I have also been busy finishing the last of my PowerPoint sets with accompanying handouts for my courses. So I spent many hours browsing the web for suitable images and importing them, or in some cases, making my own. I have a section on volcanic and earthquake hazards to cover with my geography students and there’s some really good imagery of squashed buildings and buried towns for them to gawp at. A key case study is Montserrat in the Caribbean where the southern half of the island has been an exclusion zone for 10 years due to the risk of pyroclastic flows. For the uninitiated: they are high-temperature aerosols of molten rock droplets travelling at up to 100 miles an hour that kill you with external and (shudder) internal burns. Anyway I couldn’t resist a little bit of Photoshop-ing to brighten things up and keep the children awake.

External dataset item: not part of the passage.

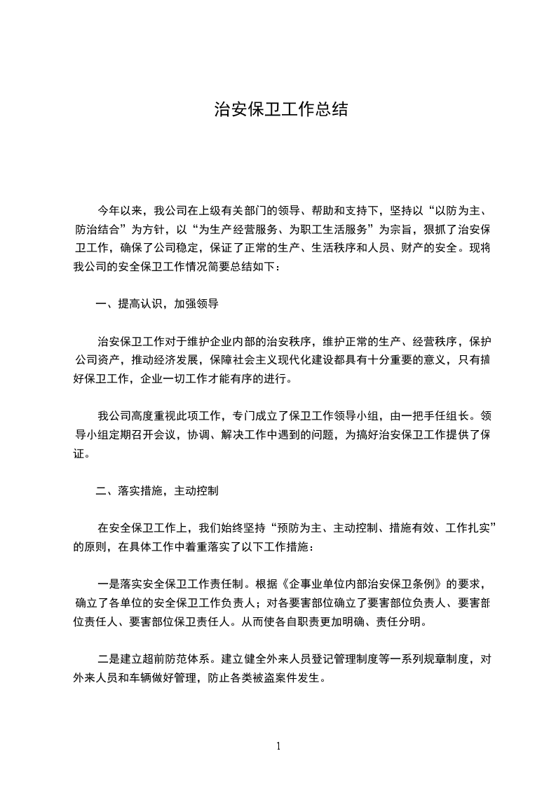 今年以来,我公司在上级有关部门的领导、帮助和支持下,坚持以“以防为主、防治结合”为方针,以“为生产经营服务、为职工生活服务”为宗旨,狠抓了治安保卫工作,确保了公司稳定,保证了正常的生产、生活秩序和人员、财产的安全。现将我公司的安全保卫工作情况简要总结如下: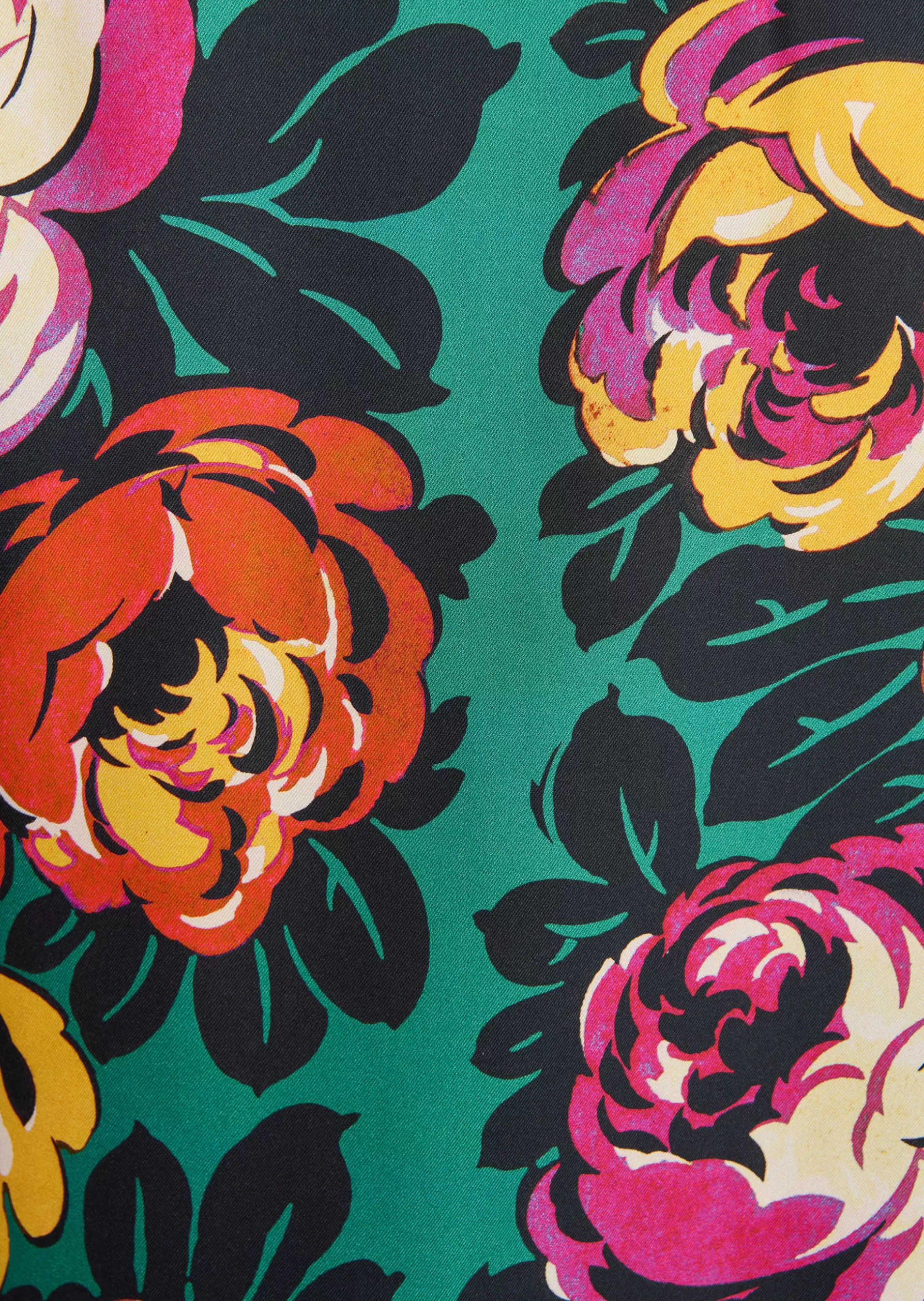 This blouse is a floral office hit: the cut is straight and it features a subtle button placket, a collar and slim-fitting sleeves with cuffs. The material adds a certain freshness. We made this top out of a lightweight silk satin that is wonderfully flowing and cooling and that spreads feel-good vibes right away thanks to its cheerful print. With the detachable pussycat bow, you can give it a prettier, more playful look as and when you please. Wear this blouse under a blazer with simple business pants, or with the matching culottes or a midi skirt for an exciting summer look.

I am also down to preach this Sunday morning on Revelation chapter 2; the letter to the church in Ephesus. And anyone preaching on Revelation has to come to terms with the imagery. The odd thing about this: it is imagery that you really shouldn’t try and imagine. To paraphrase a wise commentator, it is symbolic rather than descriptive. The illustration they used, which I thought was very helpful, is the symbol of the skull and cross bones, which (unless we are sailing the Caribbean) is normally seen on bottles of weedkiller and disinfectant. It does not signify that there is a skeleton inside and to have a stubborn realism that thought there was one would be utterly silly. Instead, it refers to something more abstract, and in fact, impossible to visualise: the danger of death. The point is that the imagery in Revelation is of a similar sort. The last thing that you ought to try and do is actually think of what is mentioned in pictorial terms; instead you need always to ask ‘what does this signify?’ I suspect this is linked with that specific mention that Revelation is a book to be read aloud and heard: there are blessings promised for the hearers.

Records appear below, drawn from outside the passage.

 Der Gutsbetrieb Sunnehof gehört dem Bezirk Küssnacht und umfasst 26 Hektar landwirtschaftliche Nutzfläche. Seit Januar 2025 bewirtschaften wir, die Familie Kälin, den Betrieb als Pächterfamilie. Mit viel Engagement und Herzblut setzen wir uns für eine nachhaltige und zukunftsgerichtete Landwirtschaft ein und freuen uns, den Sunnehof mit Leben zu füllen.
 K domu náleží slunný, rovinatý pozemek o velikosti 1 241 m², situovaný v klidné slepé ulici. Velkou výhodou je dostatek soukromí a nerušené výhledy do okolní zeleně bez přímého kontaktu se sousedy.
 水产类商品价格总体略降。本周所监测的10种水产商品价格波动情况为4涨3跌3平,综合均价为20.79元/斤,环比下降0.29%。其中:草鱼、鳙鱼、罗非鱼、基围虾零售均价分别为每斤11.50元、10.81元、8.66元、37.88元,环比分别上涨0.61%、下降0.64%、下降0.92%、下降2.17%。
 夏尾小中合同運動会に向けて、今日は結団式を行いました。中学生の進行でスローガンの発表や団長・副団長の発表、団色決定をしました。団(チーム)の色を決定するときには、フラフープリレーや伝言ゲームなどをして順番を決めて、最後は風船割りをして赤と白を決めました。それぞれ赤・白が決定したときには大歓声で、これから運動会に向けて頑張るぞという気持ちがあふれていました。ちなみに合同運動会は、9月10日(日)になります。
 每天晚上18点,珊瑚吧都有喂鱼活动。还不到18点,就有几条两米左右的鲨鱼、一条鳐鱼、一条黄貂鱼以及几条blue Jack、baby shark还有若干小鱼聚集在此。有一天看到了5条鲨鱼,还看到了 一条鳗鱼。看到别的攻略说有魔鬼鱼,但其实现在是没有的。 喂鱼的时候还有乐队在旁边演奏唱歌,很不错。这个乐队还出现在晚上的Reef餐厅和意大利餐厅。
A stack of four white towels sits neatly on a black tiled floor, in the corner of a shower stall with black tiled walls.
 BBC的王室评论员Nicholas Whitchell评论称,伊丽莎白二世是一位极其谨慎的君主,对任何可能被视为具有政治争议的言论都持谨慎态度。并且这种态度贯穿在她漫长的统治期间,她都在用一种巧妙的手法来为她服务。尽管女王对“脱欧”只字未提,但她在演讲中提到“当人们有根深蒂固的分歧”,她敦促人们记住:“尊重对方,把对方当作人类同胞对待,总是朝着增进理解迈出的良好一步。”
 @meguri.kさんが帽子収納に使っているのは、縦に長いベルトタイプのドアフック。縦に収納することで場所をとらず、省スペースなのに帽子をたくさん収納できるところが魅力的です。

But this raises a question. We seem to be shifting from a verbal/oral culture to a one in which the visual seems to reign supreme. Will one result of this be a greater difficulty with the symbolic language? Oddly enough, what reassures me is the genre of rock videos, about which I know almost nothing. The glimpses I have seen though suggest that here, at least, the symbolic is alive and well. Revelation as rock video? Hmm, there’s a thought.
Have a good week.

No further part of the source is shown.